Two years ago today, a very sad little boy named Yikealo arrived at Hannah's Hope - a place that would be his temporary home for almost 4 months. He had spent the previous few days traveling - about 500 miles away from the places and the people that he knew. He was scared and lonely and didn't understand what was happening to him. God had big plans, but Yikealo didn't know about that yet. He just missed his mother and his brother, and he felt lost.
I was looking at these pictures on our computer awhile back when Mr. Y walked into the room. The photos prompted the following conversation:
Y: "Hey, that's me!"
Me: "Yes, it is. These photos always make me feel sad."
Me: "Well, you just look so sad in them, and it makes me feel sad too."
Y: "Well, I WAS sad."
Me: "Do you remember how you felt then? Why were you so sad?"
Y: (shrugging his shoulders in a very matter-of-fact manner) "Because I just wanted a Mom and a Dad."

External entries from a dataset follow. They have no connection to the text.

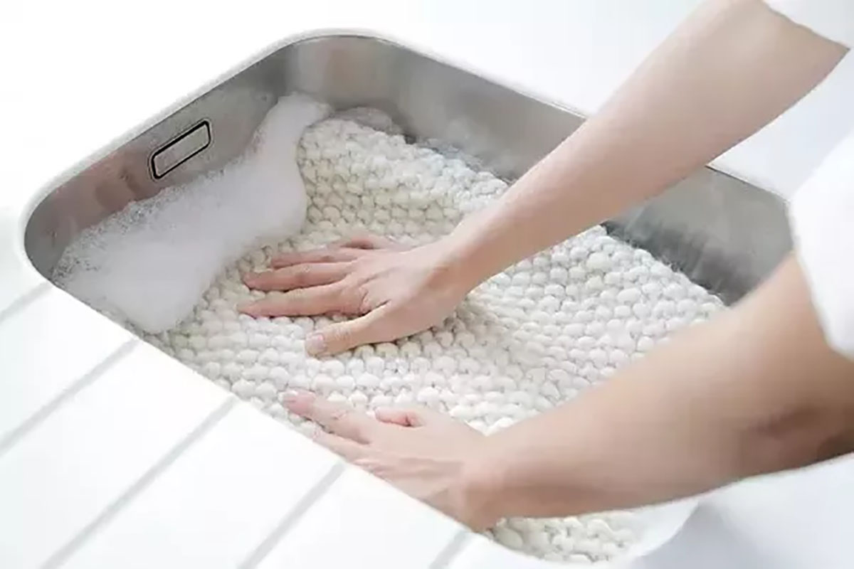 Некоторые ткани, такие как кашемир, лучше очищаются вручную. Кашемировый трикотаж нужно обрабатывать в холодной воде с применением детского шампуня для оптимальной мягкости, в нем минимальное содержание химических веществ. Доставать из воды мокрое кашемировое изделие следует в свернутом состоянии, чтобы оно не вытягивалось. Для быстрого удаления лишней жидкости можно использовать салфетку, или положите вещь на сухое полотенце и сверните в рулон для избежания образования сгибов на ткани. Не следует кашемир ни на чем развешивать, в горизонтальном положении эта ткань высохнет без повреждений. Обязательной чистки он требует перед хранением, так как парфюмерные ароматы, запах пищи, дезодоранта или табачного дыма привлекают мотыльков.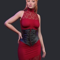 Candid slim dress combines the sleek, figure-hugging dress with a small corset.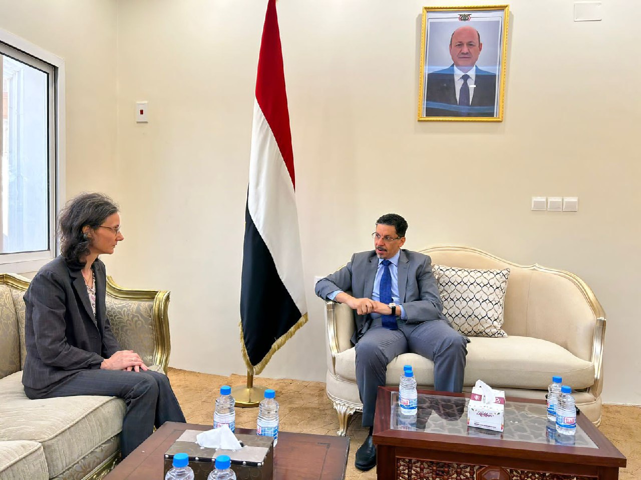 بحث وزير الخارجية وشؤون المغتربين الدكتور أحمد بن مبارك، اليوم، في العاصمة المؤقتة عدن، مع سفيرة فرنسا لدى اليمن كاترين قرم كمون، تطورات الأوضاع في اليمن وجهود تحقيق السلام والوصول لتسوية سياسية.

Then he reached up, gave me a big hug and turned back to his train set. Oh, how I love this kid. It makes my Mama heart ache to think about what he must have been going through, and yet I know how that story ends. I know that God has brought amazing beauty from the ashes of tragedy. What really breaks my heart are the millions of other children around the world in that exact situation right now...children who have that haunted look in their eyes because they "just want a Mom and a Dad" - a blessing that I have often taken for granted in my own sheltered life.
Today, my little guy spent the morning with his Daddy - off doing "guy stuff" together. They bought new tires for our car, got David's driver's license renewed, and stopped for smoothies at McDonald's. They ate breakfast together, read some stories, and crowed over how they were wearing the same type of shoes. When they arrived back home, Yikealo ran toward me full-tilt and leaped into my arms, wrapping his own around my neck and squeezing. It's pretty amazing the difference that two years can make!